2013-09-10 05:00:54

by y b

[permalink] [raw]
Subject: Subject: [PATCH] md: avoid deadlock when raid5 array has unack badblocks during md_stop_writes.

When raid5 hit a fresh badblock, this badblock will flagged as unack
badblock until md_update_sb is called.
But md_stop/reboot/md_set_readonly will avoid raid5d call md_update_sb
in md_check_recovery, the badblock will always be unack, so raid5d
thread enter a infinite loop and never can unregister sync_thread
that cause deadlock.

To solve this, before md_stop_writes call md_unregister_thread, set
MD_STOPPING_WRITES on mddev->flags. In raid5.c analyse_stripe judge
MD_STOPPING_WRITES bit on mddev->flags, if setted don't block rdev
to wait md_update_sb. so raid5d thread can be finished.
Signed-off-by: Bian Yu <[email protected]>
---
drivers/md/md.c | 2 ++
drivers/md/md.h | 3 +++
drivers/md/raid5.c | 3 ++-
3 files changed, 7 insertions(+), 1 deletions(-)

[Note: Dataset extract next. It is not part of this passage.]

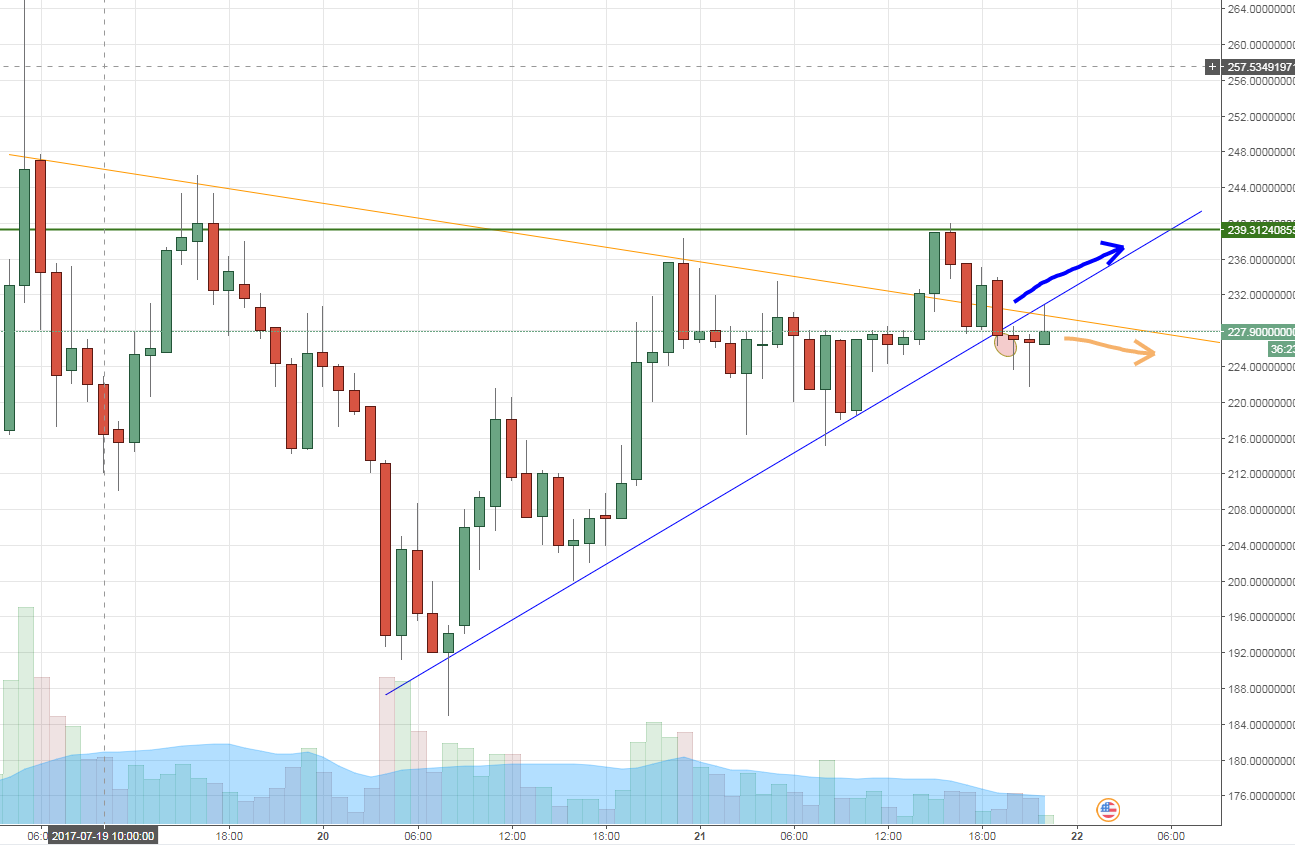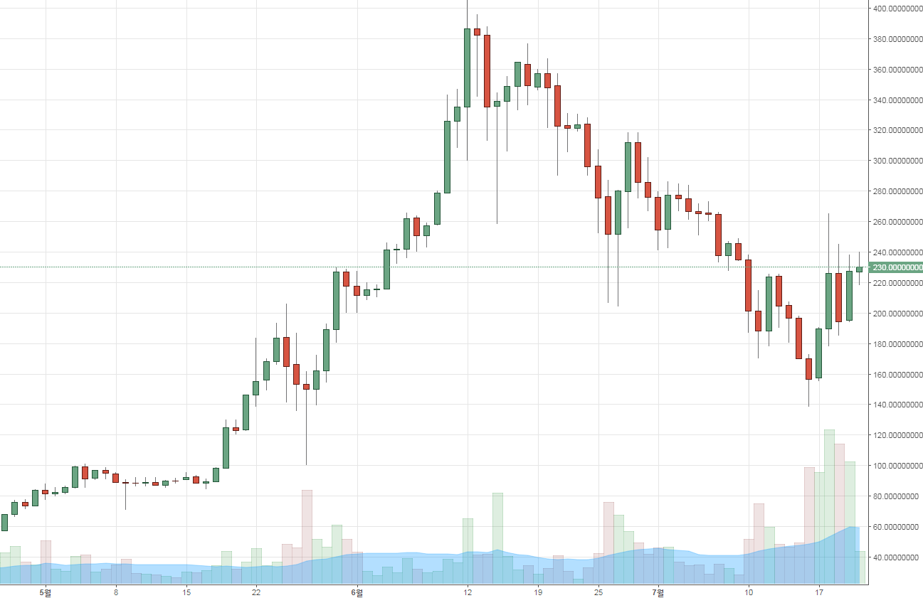 오늘 총알 일발 장전해서 코인원에서 마진을 태워봤는데 말아 먹었군요 ㅠㅠ 240달러에 수렴할줄 알고 분홍색 동그라미 부분 쯤에 분할로 공매수를 시도했었어요 ㅠㅠ 근데 코인원이 터지고 다음 두개가 노란색 선을 따라 약하게 하락장을 보이길래 포지션을 정리 했는데 다음에 양봉이나오면서 파란선을 따라갈꺼같은 느낌을 주네요... 아직 저는 개미일 뿐인가 봅니다 ㅠㅠ 2~3개 보면 어디로 갈지 확실히 방향이 나올듯 하네요 !
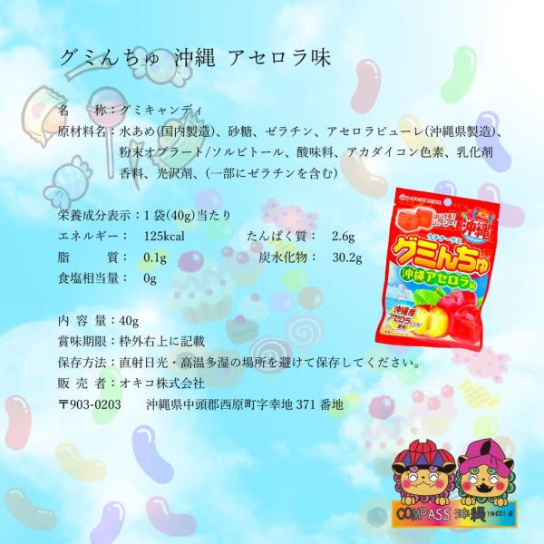 原材料名:水あめ(国内製造)、砂糖、ゼラチン、アセロラピューレ(沖縄県製造)、粉末オブラート/ソルビトール、酸味料、アカダイコン色素、乳化剤、香料、光沢剤(一部にゼラチンを含む)

diff --git a/drivers/md/md.c b/drivers/md/md.c
index adf4d7e..54ef71f 100644
--- a/drivers/md/md.c
+++ b/drivers/md/md.c
@@ -5278,6 +5278,7 @@ static void md_clean(struct mddev *mddev)
static void __md_stop_writes(struct mddev *mddev)
{
set_bit(MD_RECOVERY_FROZEN, &mddev->recovery);
+ set_bit(MD_STOPPING_WRITES, &mddev->flags);
if (mddev->sync_thread) {
set_bit(MD_RECOVERY_INTR, &mddev->recovery);
md_reap_sync_thread(mddev);
@@ -5294,6 +5295,7 @@ static void __md_stop_writes(struct mddev *mddev)
mddev->in_sync = 1;
md_update_sb(mddev, 1);
}
+ clear_bit(MD_STOPPING_WRITES, &mddev->flags);
}

void md_stop_writes(struct mddev *mddev)
diff --git a/drivers/md/md.h b/drivers/md/md.h
index 608050c..c998b82 100644
--- a/drivers/md/md.h
+++ b/drivers/md/md.h
@@ -214,6 +214,9 @@ struct mddev {
#define MD_STILL_CLOSED 4 /* If set, then array has not been opened since
* md_ioctl checked on it.
*/
+#define MD_STOPPING_WRITES 5 /* If set, raid5 shouldn't set unacknowledged
+ * badblock blocked in analyse_stripe to avoid infinite loop
+ */

int suspended;
atomic_t active_io;
diff --git a/drivers/md/raid5.c b/drivers/md/raid5.c
index f9972e2..ff1aecf 100644
--- a/drivers/md/raid5.c
+++ b/drivers/md/raid5.c
@@ -3446,7 +3446,8 @@ static void analyse_stripe(struct stripe_head
*sh, struct stripe_head_state *s)
if (rdev) {
is_bad = is_badblock(rdev, sh->sector, STRIPE_SECTORS,
&first_bad, &bad_sectors);
- if (s->blocked_rdev == NULL
+ if (!test_bit(MD_STOPPING_WRITES, &conf->mddev->flags)
+ && s->blocked_rdev == NULL
&& (test_bit(Blocked, &rdev->flags)
|| is_bad < 0)) {
if (is_bad < 0)
--
1.7.1


2013-09-10 05:34:06

by NeilBrown

[permalink] [raw]
Subject: Re: Subject: [PATCH] md: avoid deadlock when raid5 array has unack badblocks during md_stop_writes.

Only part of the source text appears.